Getty Leadership Institute moves to Claremont Graduate University

Fund for New Orleans update

Grants in Africa support professional development

Campus Heritage Web site

L E A D E R S H I P

Getty Leadership Institute moves to Claremont Graduate University
$2.2 million grant offers opportunity for expansion of programs

Early this month, with the support of a major Getty grant, the Getty Leadership Institute (GLI) moved from the Getty Center to Claremont Graduate University (CGU). At CGU it will be an independent institute affiliated with the School of Arts and Humanities, the Peter F. Drucker and Masatoshi Ito Graduate School of Management, and the new arts management program. Long known as a leading source of professional development for museum leaders, the Getty Leadership Institute will be able to develop new, interdisciplinary programs at CGU that address emerging issues within the nonprofit field.

GLI is best known for its flagship program, the Museum Leadership Institute, an intensive three-week residential program designed both to enhance the leadership skills of experienced museum executives and to strengthen their institutions' capabilities. The 2010 Museum Leadership Institute will be held at the Getty Center in Los Angeles, California from July 10 to 29. The deadline for applications is February 1.

Read the full press release and learn more about the GLI and its programs, including the Museum Leadership Institute.

Museum Leadership Institute 2009 Participants. Clockwise from left, Jane Milosch, Beverly Robertson, and Sheena Wagstaff. Image by Bart Bartholomew
Museum Leadership Institute 2009 Participants. Clockwise from left, Jane Milosch, Beverly Robertson, and Sheena Wagstaff. Image by Bart Bartholomew
Fund for New Orleans update
$2.9 million helped cultural institutions rebuild post-Katrina

In the aftermath of Hurricane Katrina, the Getty Foundation launched the Fund for New Orleans to assist visual arts organizations in recovering from the impact of the storm and floods. Grants supported organizational transition planning and conservation of collections and historic buildings. The largest grant, managed by the Contemporary Arts Center, supported a project that outlined strategies for strengthening the cultural environment through partnerships and shared resources. The project ultimately led to the creation of the New Orleans Cultural Coalition—a collaboration of seven organizations that came together to analyze the city's past and present arts audiences as they developed new post-Katrina programming and business plans.

Additionally, a recently completed grant to the Southern University at New Orleans supported the conservation of its African art collection, which had spent more than four weeks submerged under flood waters. Under a conservator's care and incorporating hands-on student training, the objects were documented, cleaned, and prepared for further treatment.

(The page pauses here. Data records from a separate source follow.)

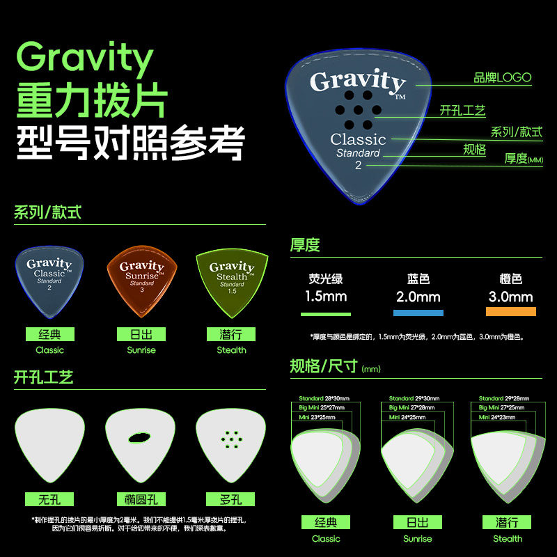 📚 美产Gravity吉他拨片重力电吉他专用扫弦贝斯爵士3防滑速弹片Pick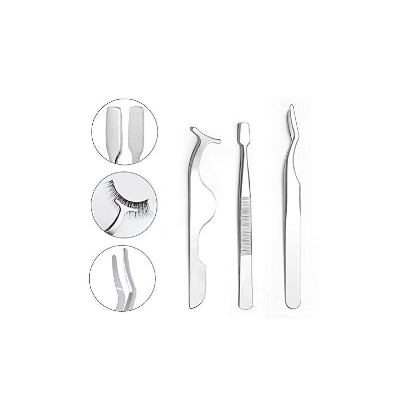 AUCH False Eyelashes Applicator Kit Fake Eyelash Placement Tools 3Pcs, Silver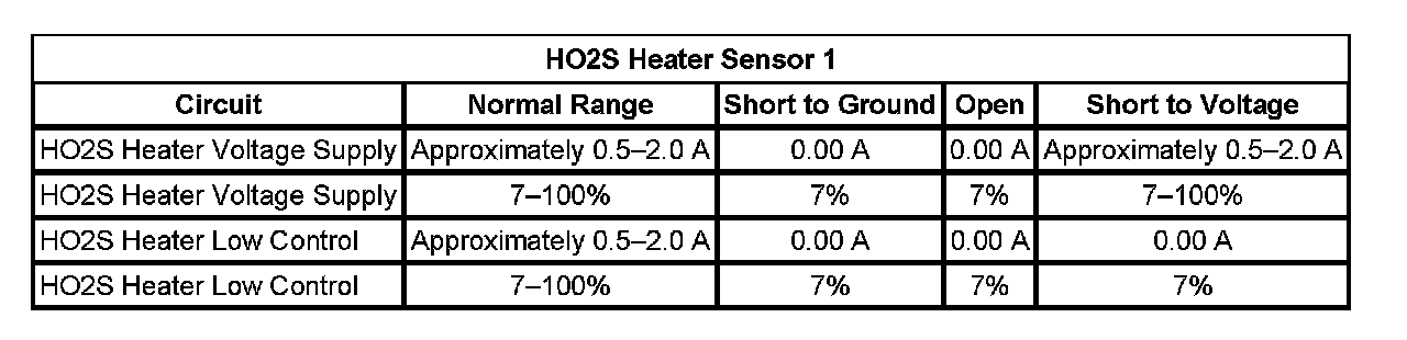 * The HO2S heater current is less than 0.31 amp or more than 1.5 amps for more than 8 seconds, twice within a 1-minute test period.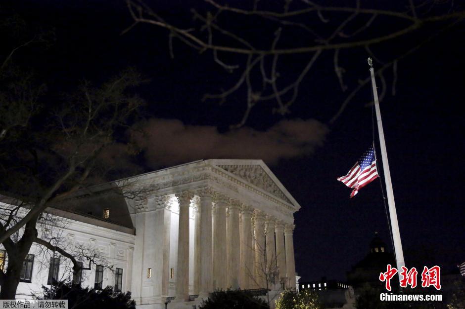 当地时间2月14日,美国华盛顿,美国最高法院降半旗悼念大法官斯卡利亚。据媒体报道,美国最高法院在职期间最长的大法官斯卡利亚13日在得克萨斯州西部一处度假牧场逝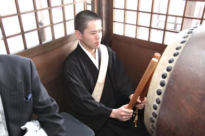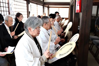 檀信徒の皆さんも、慣れた手つきで団扇太鼓を叩いておられました。

Because of their efforts, the rescued collection was able to return to display ahead of schedule.

Learn more about the Fund for New Orleans initiative.

Dehumidification at Longue Vue House and Gardens in New Orleans following Hurricane Katrina
Dehumidification at Longue Vue House and Gardens in New Orleans following Hurricane Katrina

C O N S E R V A T I O N

Grants in Africa support professional development
Key projects strengthen museum practices

Four recent grants—to the British Museum, the École du Patrimoine Africain, the Centre for Heritage Development in Africa, and the International Council of African Museums—continue the Foundation's work to strengthen key museums and heritage organizations and support conservation professionals across the African continent.

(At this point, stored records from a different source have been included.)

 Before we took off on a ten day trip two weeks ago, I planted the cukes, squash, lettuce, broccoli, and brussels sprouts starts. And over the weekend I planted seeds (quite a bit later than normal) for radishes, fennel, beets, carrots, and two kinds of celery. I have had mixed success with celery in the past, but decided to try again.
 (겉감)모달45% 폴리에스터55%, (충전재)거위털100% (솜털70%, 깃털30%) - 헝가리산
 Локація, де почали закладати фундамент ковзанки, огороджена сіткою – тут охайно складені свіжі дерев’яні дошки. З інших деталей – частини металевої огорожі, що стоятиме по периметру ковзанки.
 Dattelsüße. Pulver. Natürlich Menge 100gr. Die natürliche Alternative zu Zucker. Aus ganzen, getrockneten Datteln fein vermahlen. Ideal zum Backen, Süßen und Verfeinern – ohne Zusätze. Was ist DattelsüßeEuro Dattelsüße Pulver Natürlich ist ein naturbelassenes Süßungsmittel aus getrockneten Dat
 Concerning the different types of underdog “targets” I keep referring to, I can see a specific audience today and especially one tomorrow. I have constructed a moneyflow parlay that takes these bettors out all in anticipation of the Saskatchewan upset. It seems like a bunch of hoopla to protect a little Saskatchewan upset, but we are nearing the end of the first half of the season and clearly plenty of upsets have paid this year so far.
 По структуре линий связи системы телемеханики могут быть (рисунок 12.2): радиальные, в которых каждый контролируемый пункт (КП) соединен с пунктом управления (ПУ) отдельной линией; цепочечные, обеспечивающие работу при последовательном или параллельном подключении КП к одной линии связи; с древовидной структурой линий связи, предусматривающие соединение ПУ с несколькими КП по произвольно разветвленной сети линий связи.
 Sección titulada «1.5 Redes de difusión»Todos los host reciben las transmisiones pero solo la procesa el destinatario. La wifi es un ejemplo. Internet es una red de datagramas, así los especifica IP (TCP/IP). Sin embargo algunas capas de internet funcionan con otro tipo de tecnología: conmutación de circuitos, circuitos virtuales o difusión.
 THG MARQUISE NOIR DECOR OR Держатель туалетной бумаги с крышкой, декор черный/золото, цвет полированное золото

Training African museum professionals has been a consistent focus of the Foundation since 1986, when we supported a yearlong course in preventative conservation organized by the International Centre for Preservation and Restoration of Cultural Property (ICCROM) in Rome. Building on the success of this program, we subsequently funded additional programs throughout Africa utilizing the skills of course graduates. To date, more than 400 museum professionals from 40 nations have completed training.

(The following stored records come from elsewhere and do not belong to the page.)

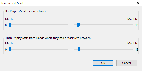 Если вы хотите, чтобы руки отображались конкретно на количестве больших блайндов которые есть у игрока на момент начала раздачи, сопоставьте столбцы, чтобы они были одинаковыми. Например, используйте 0-10 для Player Min & Player Max, затем используйте те же 0-10 для Hands w/Min & Hands w/Max.
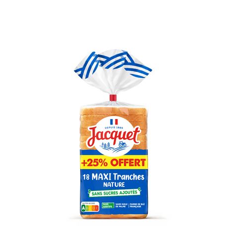 Depuis 216, Jacquet propose du Pain de mie Sans Sucres Ajoutés pour toute la famille. En mars 22, Jacquet va plus loin, avec une gamme de Pain de mie intégralement Sans Sucres Ajoutés* et Nutriscore A*.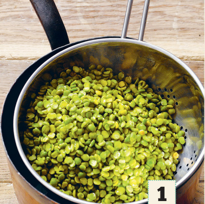 Rinse the peas under cold running water. Put them in a saucepan and cover with water. Bring to the boil and boil for 3 minutes, skimming off any foam from the surface, if necessary. Drain the peas.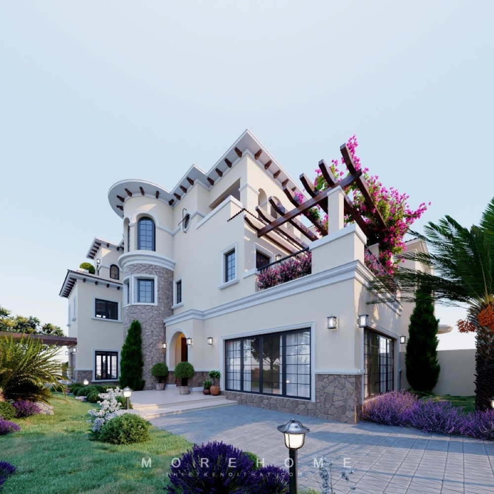 Mẫu thiết kế kiến trúc biệt thự phong cách tân cổ điển sang trọng ở hà nội

Learn more about the organizations we support in Africa.

Workshop participants in a conservation training program organized by the International Centre for the Study of the Preservation and Restoration of Cultural Property and École du Patrimoine Africain
Workshop participants in a conservation training program organized by the International Centre for the Study of the Preservation and Restoration of Cultural Property and École du Patrimoine Africain
Campus Heritage Web site
Web portal provides resources for preservation community

The Society for College and University Planning (SCUP) has launched a Web site to disseminate the results of the Getty Foundation's six-year Campus Heritage Initiative. Begun in 2002, the initiative was designed to assist colleges and universities around the United States in managing and preserving the integrity of their significant historic buildings, sites, and landscapes. In addition to bringing together preservation reports from grantees, SCUP will continue to develop the site by incorporating links to literature and preservation guidelines, including a section dedicated to lessons learned from the initiative. Making the most of social networking tools, SCUP intends to improve the quality of information available to campus planners and to encourage continued collaboration between colleges and the preservation community. Over the duration of the initiative, more than $13.5 million was awarded in grant funds to 86 college and university campuses nationwide.

Explore the site and see previous years' grant recipients.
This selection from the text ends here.